Image file fragment classification is a critical area of study in digital forensics. However, many publicly available datasets in this field are derived from a single source, often lacking consideration of the diversity in image settings and content. To demonstrate the effectiveness of a given methodology, it is essential to evaluate it using datasets that are sampled from varied data sources. Therefore, providing a sufficiently diverse dataset is crucial to enable a realistic assessment of any proposed method.

Data description

The dataset includes image file fragments of 4096 bytes from five formats (JPG, BMP, GIF, PNG, and TIFF), each processed with different conversion settings. The source images are categorized into three content types: Nature, People, and Medical. In total, the dataset contains 501,000 fragments. These fragments consist of file headers and incomplete end-of-file fragments, completed with random bytes to approximate how operating systems handle data when file sizes are not multiples of the sector size. This approach aims to simulate typical scenarios where fragments are recovered from a hard drive, though it may not capture all real-world complexities such as data corruption and complex file structures.

Peer Review reports

Objective

Hard drives store data in fragments, with the size of each fragment determined by the file system. Fragments from a single image can be scattered across the hard drive. In digital forensics, for instance, recovering image data from a damaged hard drive, even partially, is often necessary. This challenge is one of the reasons researchers study image file fragment classification [1]. Recent studies in this field frequently use machine learning to classify file fragments [2,3,4]. A diverse dataset is crucial for effectively training and evaluating these models. Our dataset aims to include a wide range of image file fragments, varying in both the content and conversion settings of the source images.
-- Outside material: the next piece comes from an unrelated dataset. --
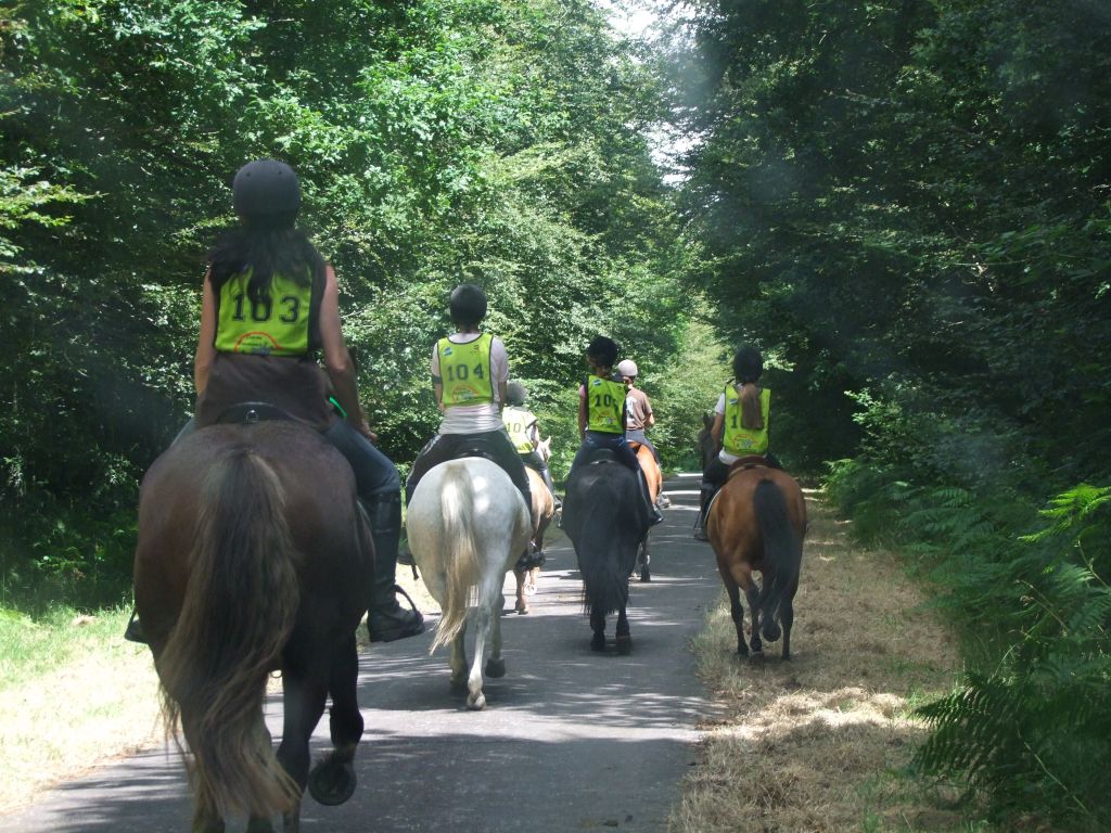 Une très belle course avec des sentiers verdoyants mais avec quelques difficultés que nous avons heureusement surmontées. Première difficulté : les grandes allées là où d'habitude je n'hésite pas à galoper pour gagner du temps me semblaient trop justes pour Célestin d'autant plus que la ponette toussait un peu en début de course donc j'ai choisi le trot actif avec quelques foulées de galop en fin d'allées. Nous étions en 11 kms/h à ce moment-là. La seconde difficulté était celle des gués : n'oublions pas, le site s'appelle le gué au merle ! Je savais que certains poneys comme Katia étaient capables de sauter fort et il fallait éviter la chute ... J'ai fait descendre Célestin et Léna pour la sécurité, Katia a effectivement fait un gros saut sur le premier gué car à ma grande surprise, il restait encore 2 gués à franchir, avec Prune et Sissi bien décidées à prendre leur temps !! Au franchissement du 3ème gué, nous étions complètement à la ramasse par rapport au timing, 5 mn de retard donc environ à 9 kms/h ( nous devions arriver en 10/12 ). Là obligée de passer la seconde. Heureusement, la petite poignée magique que Célestin avait sur sa selle, l'a bien aidé. La ponette était top, les autres cavaliers aussi ! 3ème difficulté : petite chute de Léna qui perd l'équilibre dans une descente ! petite cavalière discrète mais avec un fort caractère heureusement. Elle remonte rapidement sans même broncher.

Most available datasets in this area tend not to emphasize the source images from which fragments are collected. This raises several questions: Is it beneficial to consider the content of the source files? Could it influence performance if the dataset includes source files with varying settings, such as compression? And how significant might the impact of these factors be on the performance of classifiers?

Our dataset includes fragments from the five most common image file formats, which are also present in the FFT-75 [5] and Fakouri and Teimouri’s [6] datasets. This dataset is expected to help partially address the aforementioned questions and offer useful insights to experts in the field. It also facilitates the evaluation and comparison of model performance by providing a more diverse and carefully curated dataset. It will also support the evaluation and comparison of model performance by offering a more diverse and carefully curated dataset. The results section of our supporting document presents findings that illustrate the potential effectiveness of this dataset.

Data description

In the first step, we downloaded source images from the internet and categorized them into three content groups: Nature, People, and Health. A total of 500 images were randomly selected from each category. We aimed to obtain high-quality images within each group. Detailed information about the source images is provided in the supporting document. The subsequent steps of our work are as follows:

Choosing settings

Each of the five formats (JPEG, GIF, BMP, PNG, and TIFF) required specific settings to be considered. For instance, since TIFF is a container format, multiple encoders could be used to encode images within it. We applied similar considerations to the other formats, focusing on settings that impact the entire file after conversion. For example, varying levels of compression alter the internal bytes of a file, making the resulting fragments distinct. All format-specific settings are detailed in the supporting document.

Data augmentation

After examining the settings for each format, we observed an imbalance in our converted data. The JPEG format, in particular, had significantly more settings compared to the other four formats, requiring each file to be converted 78 times to ensure that each source image was processed with a diverse set of 10 different setting combinations. To balance the dataset, we applied horizontal flipping and rotations of 0, 90, 180, and 270 degrees to the remaining four formats for each content category.

Conversion

Given the large number of source images and setting combinations, we utilized Python and the Pillow library to convert the images to the desired formats. Due to limitations in converting raw image formats, Nature images were first converted to full-quality JPEGs before being further processed into the desired format/settings using the Rawpy library. To cover a broad range of JPEG settings, each image was converted multiple times with random combinations of settings. Details of these settings are listed in the supporting document, which is available in Data file 16, Table 1.

Taking fragments

Unlike many other file fragment datasets, such as those used by Fakouri and Teimouri [6], we retained all fragments from the beginning and end of the files. In cases where files did not contain enough fragments, we employed sampling with replacement. Additionally, when an end-of-file fragment was not long enough, the remaining portion was filled with random bytes to simulate a typical scenario where fragments are recovered from a hard drive. More information on the fragments can be found in the supporting document.

Provided dataset

The dataset includes 15 data files in .dat format, with each file representing a unique format/content pair.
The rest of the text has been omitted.